Running 2 Amps of LEDs through an Arduino Nano If you try to draw

Running 2 Amps of LEDs through an Arduino Nano

If you try to draw more than half an amp of power (easy with lots of LEDs) from an Arduino Nano’s “+5v” pin, the board’s power regulator overheats. This means that even if the board is being powered from a 2 Amp USB power supply (e.g., an iPad charger), you can’t easily use all that power. This short How-To shows how to route the full two amps directly from the USB power supply into your LEDs.

http://blog.kriegsman.org/2014/02/25/2-amp-nano/

EXTRA WARNING: if you build a setup that actually can draw 2A from a USB port, DON’T POWER IT FROM YOUR COMPUTER. Computer USB ports (in general) can’t supply that much amperage, and you’ll get into trouble. Relatedly, Dan and I tend to have a delay(3000) at the start of our sketches to help prevent eternal stuckness – which we’ve had before.

There are, of course, dozens of other ways to power a bunch of LEDs from a 2A USB charger, but this trick has turned out to be surprisingly useful and compact for me.

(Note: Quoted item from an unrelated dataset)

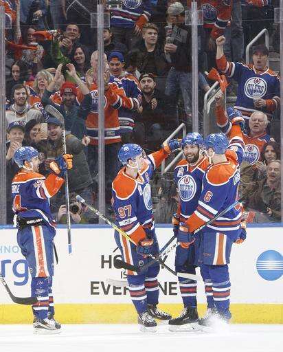 Edmonton made it 3-2 on a two-man advantage midway through the second as Connor McDavid moved back into the NHL scoring lead, setting up a one-timer by Letestu.

Do you have any ‘hacks’ for quick and easy power distribution?
http://blog.kriegsman.org/2014/02/25/2-amp-nano

Any idea what the trace width is that is carrying the 5v to the regulator? Or copper thickness? When I was making my pixel boards I wanted to pull 3A off of the power supply and needed a very wide trace to handle it something like 70mil w/ 1oz copper.

I did notice your warning :wink: Made me laugh. I’ve had a couple of times when I left 50cnt 5v pixel strings connected while programming and the only power was the ftdi programmer and still haven’t fried it yet and no magic smoke was released :wink:

No idea on the specs-- this has been strictly empirical. :wink:

I bet you could look up the info from the Nano’s board files; copper thickness probably varies with manufacturer.

I’ve found a nice supply of under-$10 Nanos, and haven’t fried any (this way) (yet). On the other hand, all but one of my projects tends to run more in pure hues (1/3rd power) than in desaturated bright whites. But even then, I’ve run 60 pixels at nearly full white for many hours this way, and so far no fire.

I know you mentioned that one should use a 2.0A USB charger. May I suggest you make this very clear, with big fat bold red letters: DO NOT USE YOUR COMPUTER USB PORT. While it may happily charge your phone or iPod, it only provides 500mA (USB2.0) or 900mA (USB3.0). A USB charger however can range from 2A to 5A, it depends on the charger / manufacturer.

Yep. What he said.

I am more and more coming to think of LED/art projects as having three big "P"s: Pixels (the LEDs/hardware), Programming (software/integrations), and Power.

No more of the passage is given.